§ **WHAT YOU WILL DO**
Please take the lines from the one holding "De leuke kiepwagen" through the one holding "The food and" in the data below and copy them exactly.

§ **MATERIAL SHOWN**
══════════════════════════════
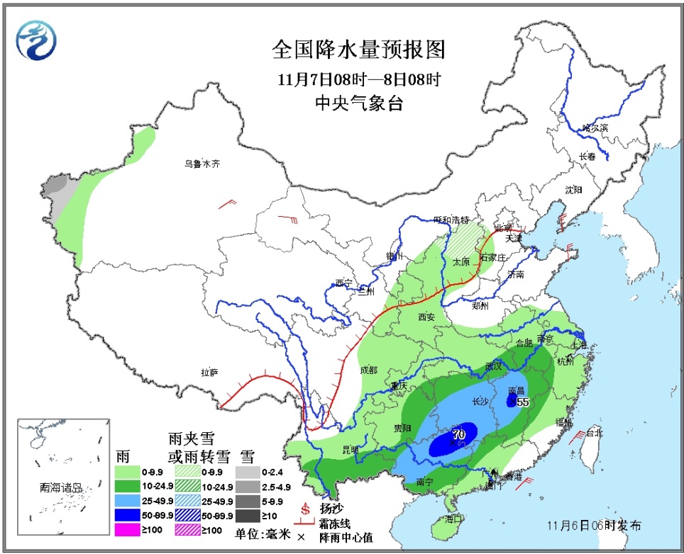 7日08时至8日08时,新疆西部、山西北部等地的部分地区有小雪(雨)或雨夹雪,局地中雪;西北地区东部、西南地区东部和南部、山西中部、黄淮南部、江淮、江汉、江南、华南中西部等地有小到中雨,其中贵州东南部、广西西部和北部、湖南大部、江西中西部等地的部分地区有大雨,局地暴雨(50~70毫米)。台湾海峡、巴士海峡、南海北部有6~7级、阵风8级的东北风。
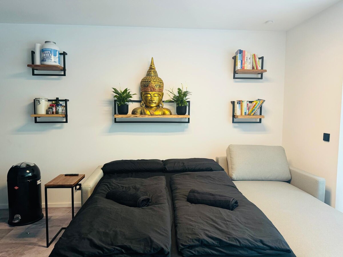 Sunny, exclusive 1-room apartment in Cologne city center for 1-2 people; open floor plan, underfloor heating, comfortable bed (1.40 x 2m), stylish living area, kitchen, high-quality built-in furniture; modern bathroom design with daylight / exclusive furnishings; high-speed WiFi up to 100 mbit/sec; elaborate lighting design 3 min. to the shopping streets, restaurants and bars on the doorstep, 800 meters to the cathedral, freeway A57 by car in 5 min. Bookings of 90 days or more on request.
══════════════════════════════
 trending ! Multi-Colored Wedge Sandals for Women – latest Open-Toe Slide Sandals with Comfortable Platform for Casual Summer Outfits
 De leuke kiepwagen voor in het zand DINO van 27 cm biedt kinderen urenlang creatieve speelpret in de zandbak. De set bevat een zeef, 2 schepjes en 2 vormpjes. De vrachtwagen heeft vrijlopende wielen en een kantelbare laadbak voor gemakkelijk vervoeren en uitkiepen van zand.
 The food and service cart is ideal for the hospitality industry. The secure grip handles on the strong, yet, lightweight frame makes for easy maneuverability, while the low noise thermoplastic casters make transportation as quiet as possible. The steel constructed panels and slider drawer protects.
══════════════════════════════
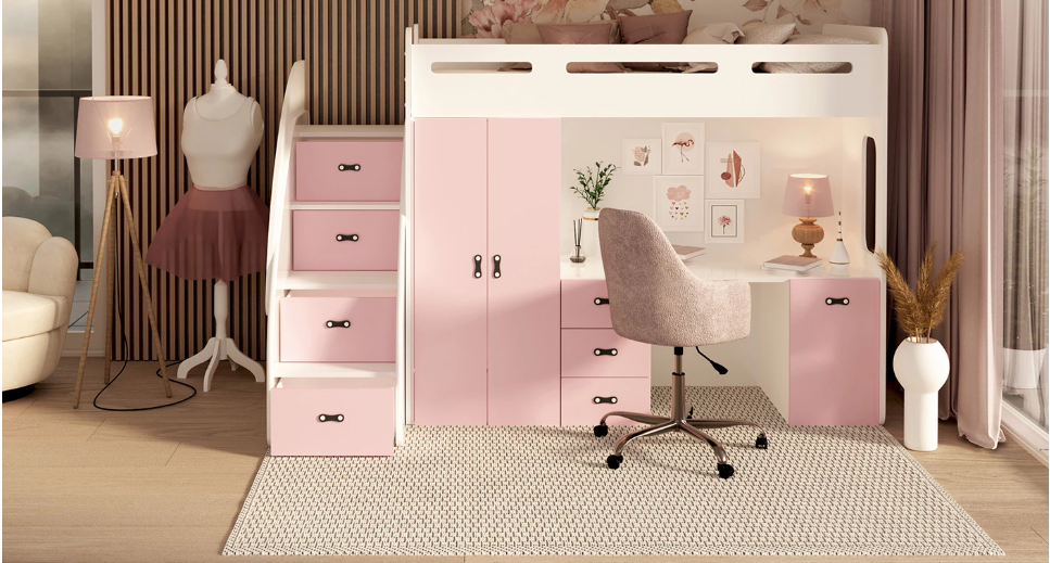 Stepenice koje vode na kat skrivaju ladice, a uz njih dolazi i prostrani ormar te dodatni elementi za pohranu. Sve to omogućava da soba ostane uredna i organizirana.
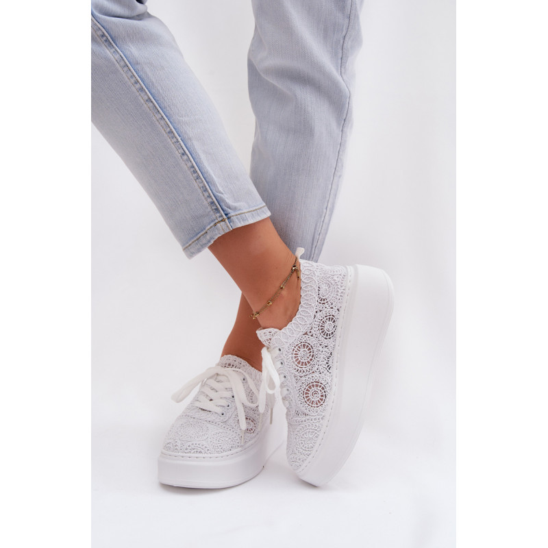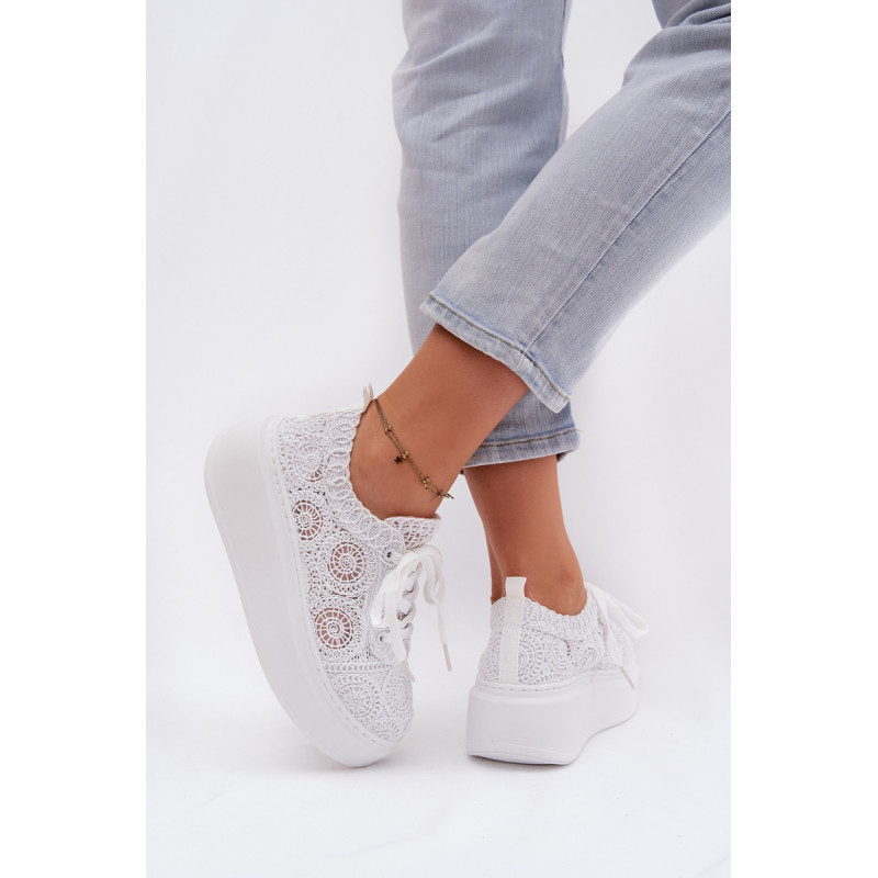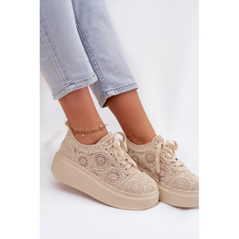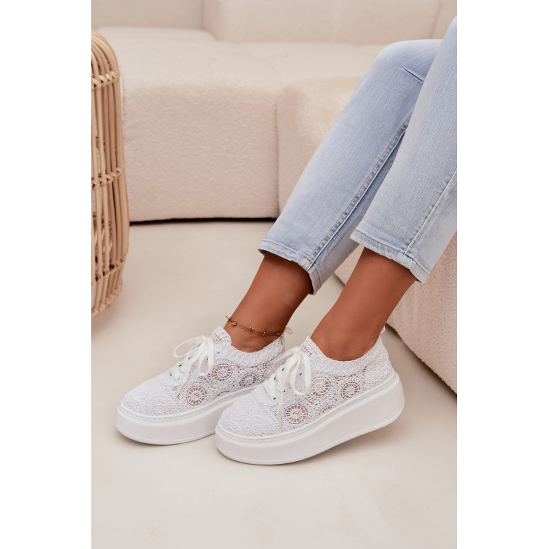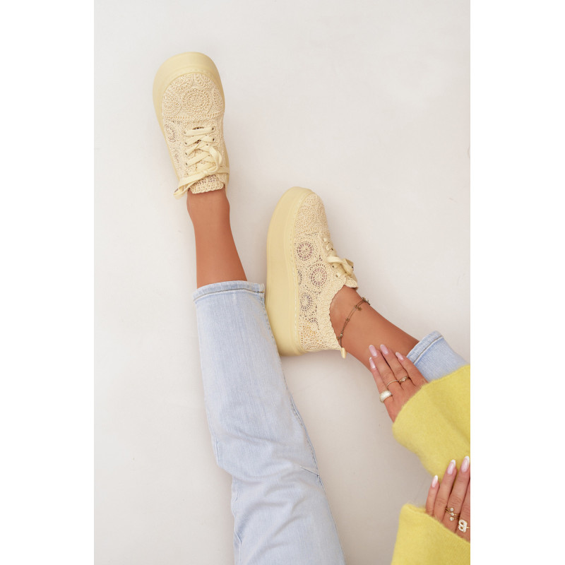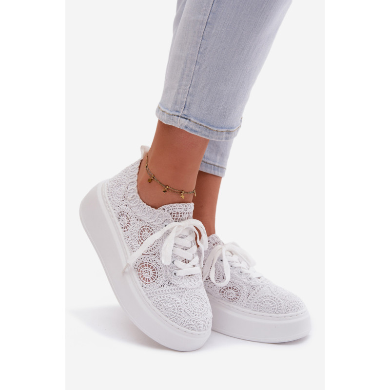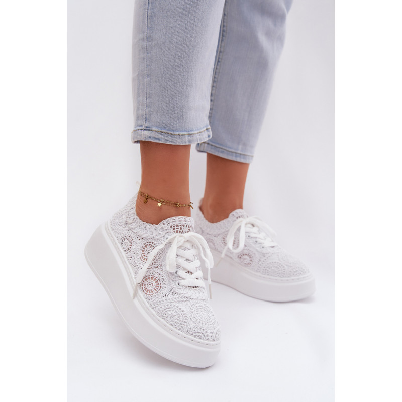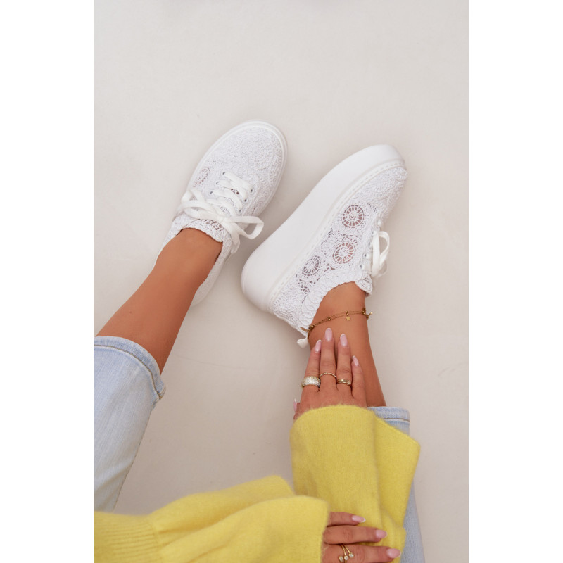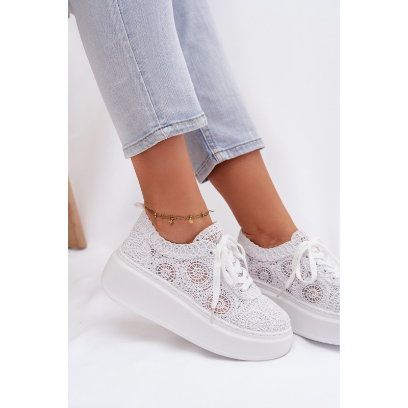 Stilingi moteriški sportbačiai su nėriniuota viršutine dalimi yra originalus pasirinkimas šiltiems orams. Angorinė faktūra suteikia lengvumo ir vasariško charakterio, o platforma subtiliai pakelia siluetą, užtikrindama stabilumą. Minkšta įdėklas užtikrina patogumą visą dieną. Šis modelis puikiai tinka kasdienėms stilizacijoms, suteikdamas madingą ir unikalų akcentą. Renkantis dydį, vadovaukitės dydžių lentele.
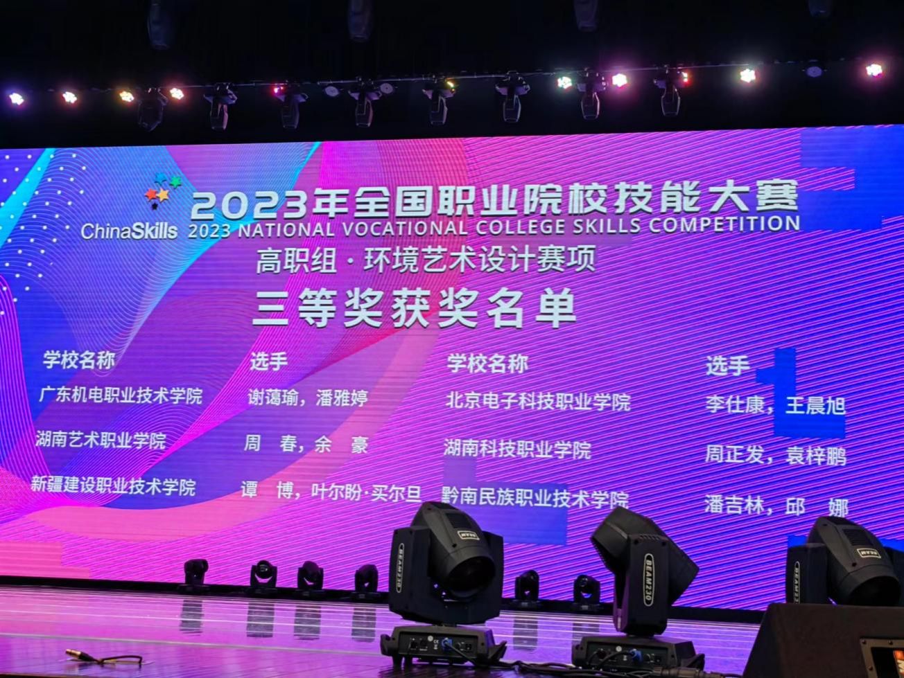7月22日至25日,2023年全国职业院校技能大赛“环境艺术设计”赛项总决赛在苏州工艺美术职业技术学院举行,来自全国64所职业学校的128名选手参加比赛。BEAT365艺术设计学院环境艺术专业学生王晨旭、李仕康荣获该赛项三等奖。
══════════════════════════════
§ **RESPONSE BELOW**
 De leuke kiepwagen voor in het zand DINO van 27 cm biedt kinderen urenlang creatieve speelpret in de zandbak. De set bevat een zeef, 2 schepjes en 2 vormpjes. De vrachtwagen heeft vrijlopende wielen en een kantelbare laadbak voor gemakkelijk vervoeren en uitkiepen van zand.
 The food and service cart is ideal for the hospitality industry. The secure grip handles on the strong, yet, lightweight frame makes for easy maneuverability, while the low noise thermoplastic casters make transportation as quiet as possible. The steel constructed panels and slider drawer protects.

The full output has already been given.